Ormož (/sl/; in older sources Ormuš, Ormosd, Friedau, Prekmurje Slovene: Ormošd) is a town in the traditional region of Prlekija, part of Styria, in northeastern Slovenia. It lies on the left bank of the Drava River and borders with Croatia on the opposite bank of the river. It is the administrative seat of the Municipality of Ormož.

==Name==
Ormož was attested in written records in 1273 as Holermůs (and as Holrmues in 1299 and Holrmůs in 1320). The name is based on the Latinized name Alramus, borrowed from Germanic Alram (< *Aþala-hraban, literally 'noble ravan'). The person designated by the name is uncertain, but a possible namesake is Salzburg Bishop A(da)lram (reigned 821–836) because the Ormož area became the property of the Archbishopric of Salzburg in the ninth century.

==History==
The settlement received market rights in 1293 and town rights in 1331, and it was predominantly known under its German name, Friedau.
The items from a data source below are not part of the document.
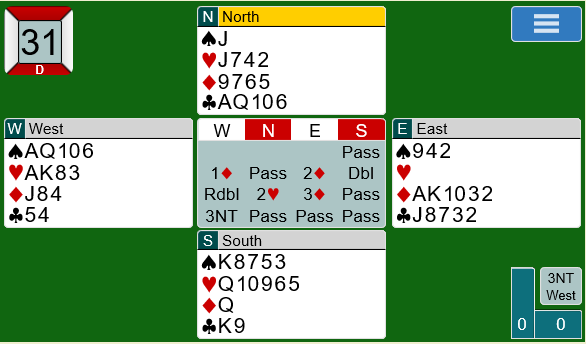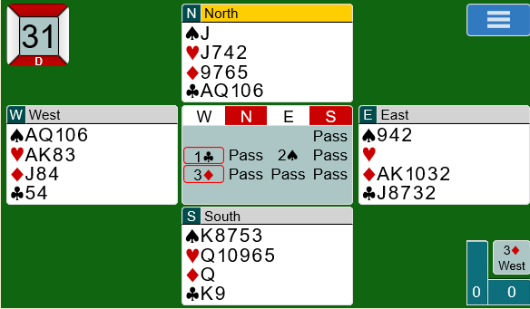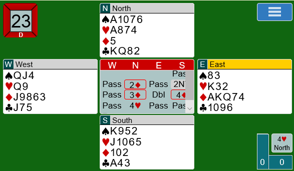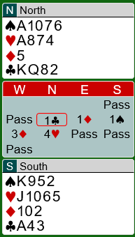 2 ruter fra nord viste trefargehånd med kortfarge i ruter og normal åpningsstyrke. Det ble buttspill etter at også amerikaneren vant 4 hjerter.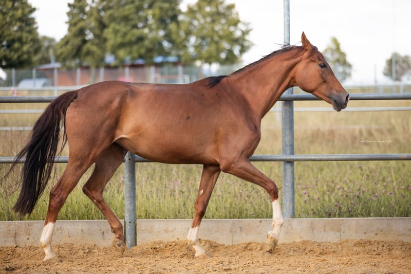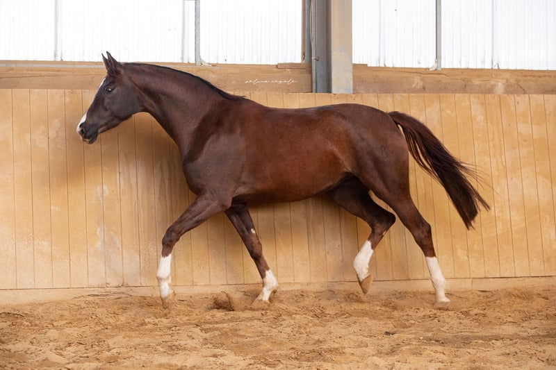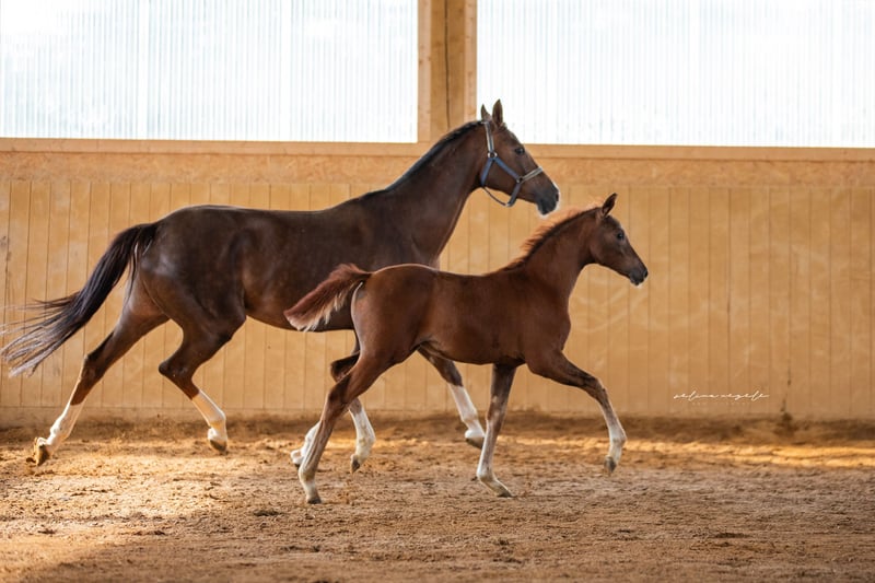 6-year-old DFS v. Benicio out of VPSt. v. Florestan I x Donnerschlag. This horse is characterized by three qualitatively good basic gaits. It has a friendly, people-oriented temperament. The mare is easy to handle and well-balanced. She comes from our breeding and raising program. Not bred or pregnant for 2026. Image 4: Full sister Image 5: Full sister with foal sired by Vivaldos at her feet The full sister and her offspring are available for viewing. If you have any further questions, please call me at 0152 09427876 or send me a message.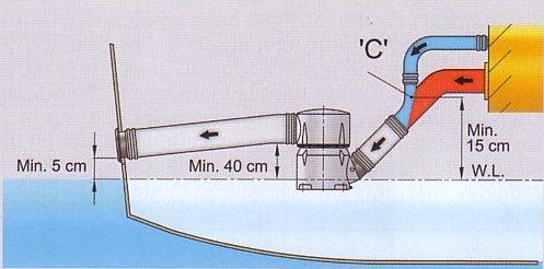 | Ce système d'échappement se loge dans un espace réduit. - Avec une entrée à 2 positions : horizontale ou à 45° vers le haut. - Sortie orientable à 360°. Voir tableau ci-dessus pour déterminer diamètre d'entrée et sortie adapté à votre installation. |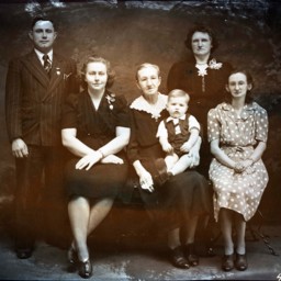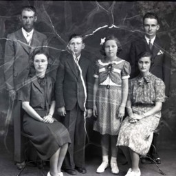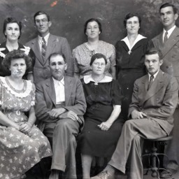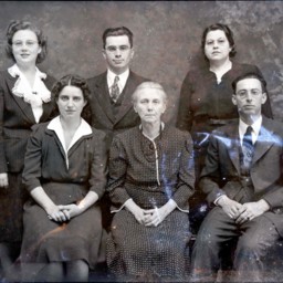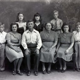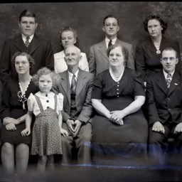 Unidentified older man and woman are seated with five unidentified young men and women of varying ages posed around them.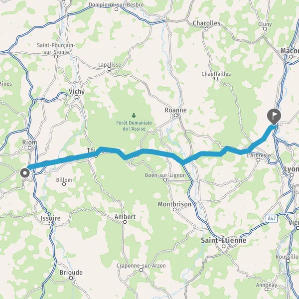 Prendre à droite et rejoindre A89. Continuer sur 49 kilomètres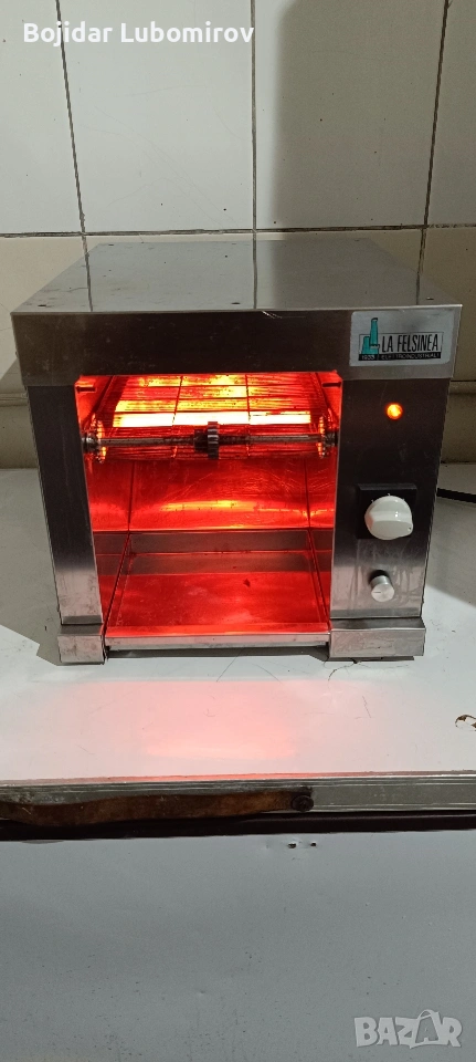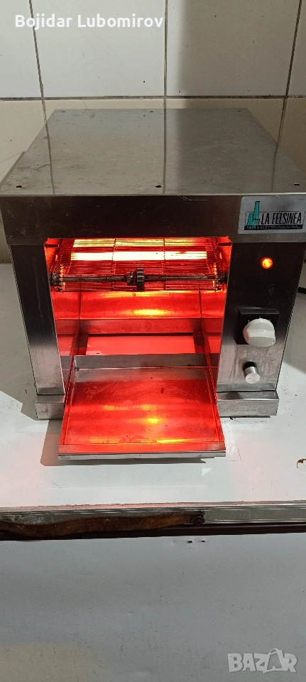 На вашето внимание продавам , професионален тостер конвейер . Работи чудесно , редуктор за контрол на скороста на движение , 4 степени на нагревателите, тавичка в която падат филийките автоматично . Размерите са 37/46/35см , Бъдете здрави.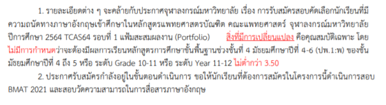 - โดยคะแนน BMAT ปีนี้จะเปิดสอบรอบเดือนพฤศจิกายนเท่านั้น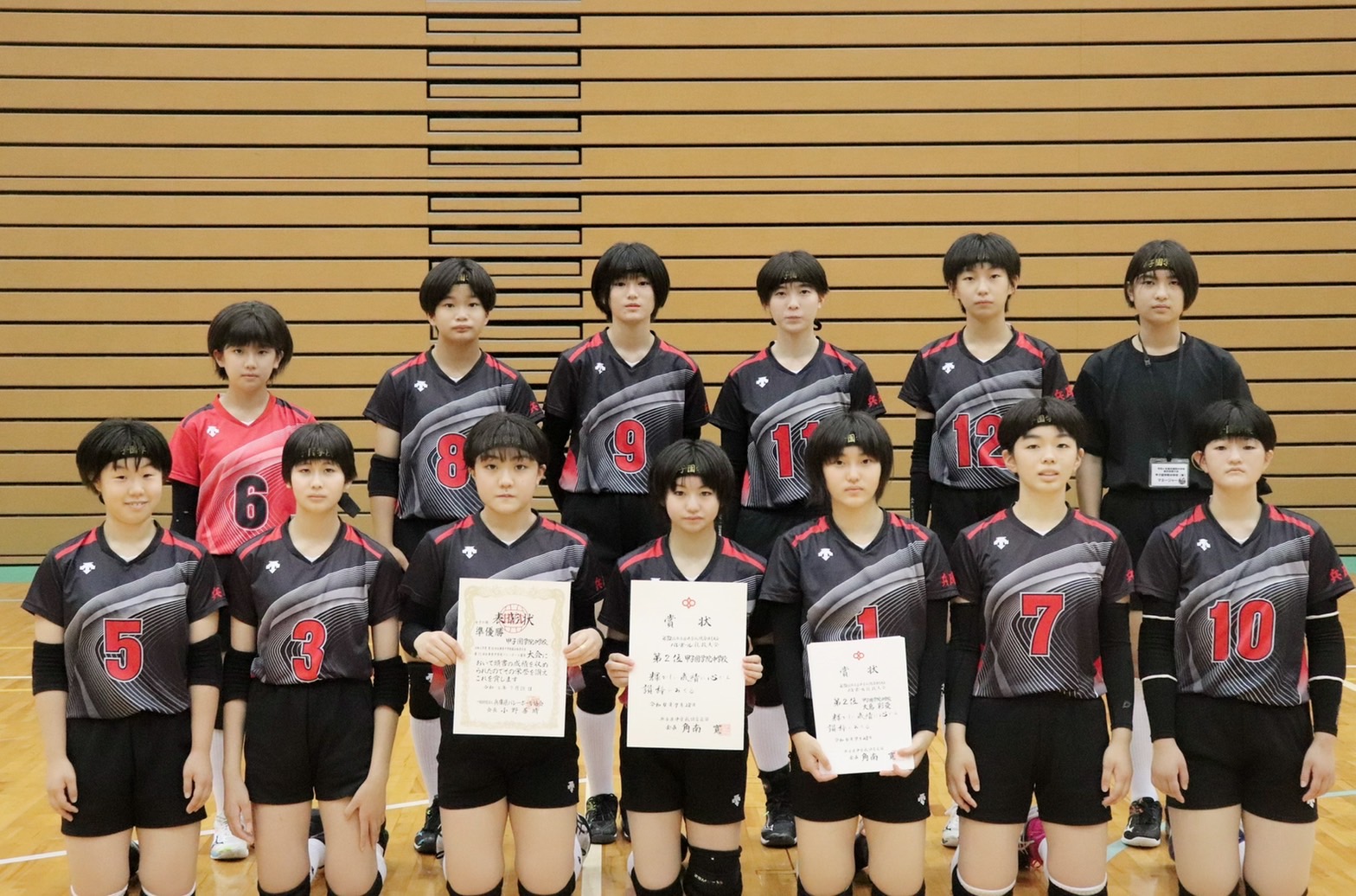 7月27日(水)・28日(木)に、洲本市文化体育館にて行われました令和4年度(第66回)兵庫県中学校総合体育大会バレーボール競技大会において、本校中学校バレーボール部が準優勝しました。

Until 1919, the population was predominantly German; the census of 1900 mentioned 892 inhabitants, with German as the predominant spoken language (593) followed by Slovenian (227).

== Church ==
The parish church in the town is dedicated to Saint James. It was first mentioned in written sources dated to 1271. It was rebuilt on a number of occasions in the 16th, 17th, and 18th centuries. It contains frescos from the 14th and 17th centuries.

==Geography==
Just outside Ormož to the southeast and named after the town is Lake Ormož, a reservoir on the Drava River. The Ormož Lagoons, a nature reserve, are located next to the reservoir. The Ormož Lagoons consist of six former retention basins that originally served a sugar refinery in Ormož and were transformed into a marsh after the sugar refinery ceased operations. The area around Lake Ormož and the Ormož Lagoons is an important habitat for birds, including some endangered species of migratory birds. The landscape north of Ormož is hilly, with many forests and vineyards. The Lešnica River empties into the Drava just west of Ormož, and Pavlovci Creek (Pavlovski potok) flows to the east of the town.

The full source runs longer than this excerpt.